Information provided by (Responsible Party):
Medical University of South Carolina

Tracking Information
First Submitted Date  ICMJE December 15, 2015
First Posted Date  ICMJE December 23, 2015
Last Update Posted Date May 7, 2018
Study Start Date  ICMJE December 2015
Estimated Primary Completion Date December 2020   (Final data collection date for primary outcome measure)
Current Primary Outcome Measures  ICMJE
 (submitted: December 18, 2015)
Wound Complication Rate [ Time Frame: longitudinally up to 6 months postoperatively ]
To estimate the wound complication rate of post-operative negative pressure dressings and traditional dry dressings, and risk of secondary interventions after resection of soft tissue sarcoma in lower extremities that have received pre-operative radiation.
Original Primary Outcome Measures  ICMJE Same as current
Change History Complete list of historical versions of study NCT02638298 on ClinicalTrials.gov Archive Site
Current Secondary Outcome Measures  ICMJE
 (submitted: December 18, 2015)
Total Costs [ Time Frame: 6 months ]
To estimate the on total cost of care and resource utilization in patients treated with negative pressure wound therapy and traditional dry dressings.
Original Secondary Outcome Measures  ICMJE Same as current
Current Other Pre-specified Outcome Measures Not Provided
Original Other Pre-specified Outcome Measures Not Provided
 
Descriptive Information
Brief Title  ICMJE Incisional Negative Pressure Wound Therapy for Preoperatively Irradiated Lower Extremity Soft Tissue Sarcoma Wounds
Official Title  ICMJE Incisional Negative Pressure Wound Therapy for Preoperatively Irradiated Lower Extremity Soft Tissue Sarcoma Wounds. A Prospective Randomized Clinical Trial
Brief Summary

This is a study comparing two methods of dressing a post operative wound that are currently in practice. One method is a traditional dry gauze dressing. The other method is using a negative pressure dressing that provides gentle suction on the wound.

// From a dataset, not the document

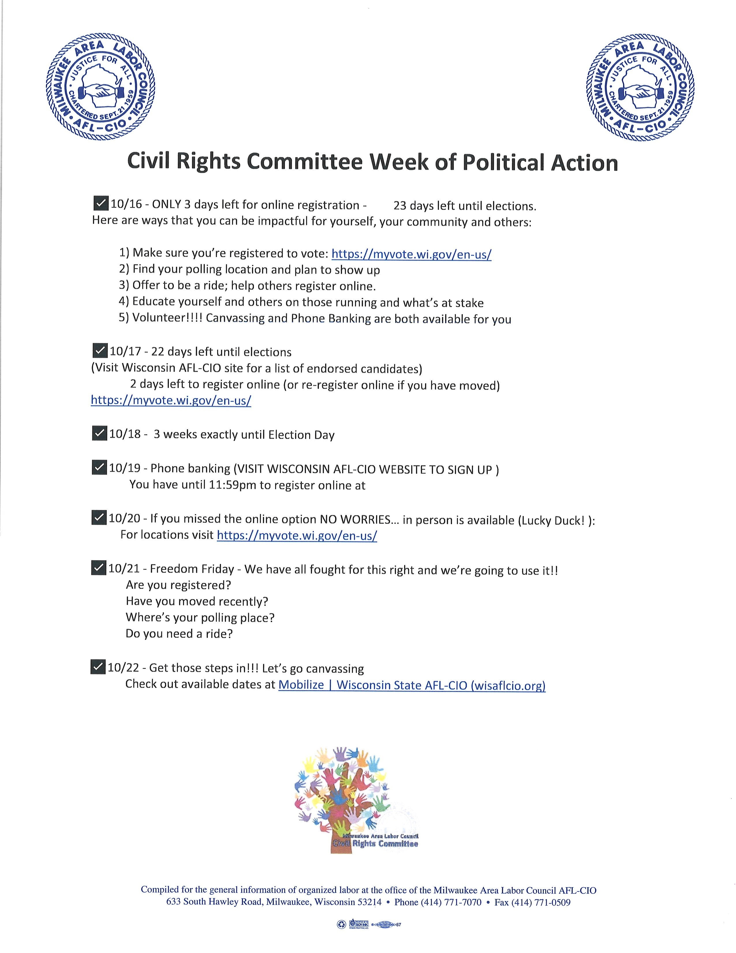 Categories Uncategorized Milwaukee Area Labor Council: Week of Political Action, Register and Defend the Right to Vote & Canvassing Opportunities Post author By wibailoutpeople Post date October 13, 2022 Share this: Click to share on X (Opens in new window) X Click to share on Facebook (Opens in new window) Facebook Like Loading... Related ← Cuba in the eye of Washington’s hurricane → Jewish Voices For Peace: Support students who refuse to build tech for apartheid

The investigators will attempt to determine how well the use of post-operative negative pressure dressing reduces wound healing problems in patients who have surgery after radiation for a sarcoma in the thigh or leg.

Detailed Description

Postoperative surgical site infections pose a significant challenge to the orthopaedic oncologist, especially in wounds that have been previously irradiated with neo adjuvant external beam radiation therapy (EBRT). There are many studies demonstrating the relatively high risk of wound complications after lower extremity sarcoma resection. Published data suggest that these preoperatively radiated wounds have a postoperative infection rate of 17%-44% with "traditional" dressings (e.g. dry gauze surgical dressings).

A prospective series of 190 patients and showed a wound complication risk of 35% in preoperative irradiated wounds. The morbidity associated with wound complications can range from moderate (prolonged dressing changes) to severe (life or limb threatening infection). Patients who develop wound complications have been shown to longer hospitalizations and higher costs [ref]. Anatomic location of the tumor has been shown to be a risk factor for the development of wound complications with lower extremities being higher risk than upper extremities. There are several published studies examining the effect of negative pressure wound therapy (NPWT) on high risk surgical wounds. Abdominal wound complications can be reduced with the use of incisional NPWT. In the orthopaedic literature the use of negative pressure incisional dressings have been shown to lower the risk of wound complications in total hip arthroplasty, acetabular fractures, and extremity fractures.

To our knowledge, there have not been any published studies on the utility of negative pressure wound therapy in previously irradiated soft tissue sarcoma wounds. The investigators feel that this high risk patient cohort could potentially benefit from reducing wound complications through NPWT and is an ideal population to study its effect.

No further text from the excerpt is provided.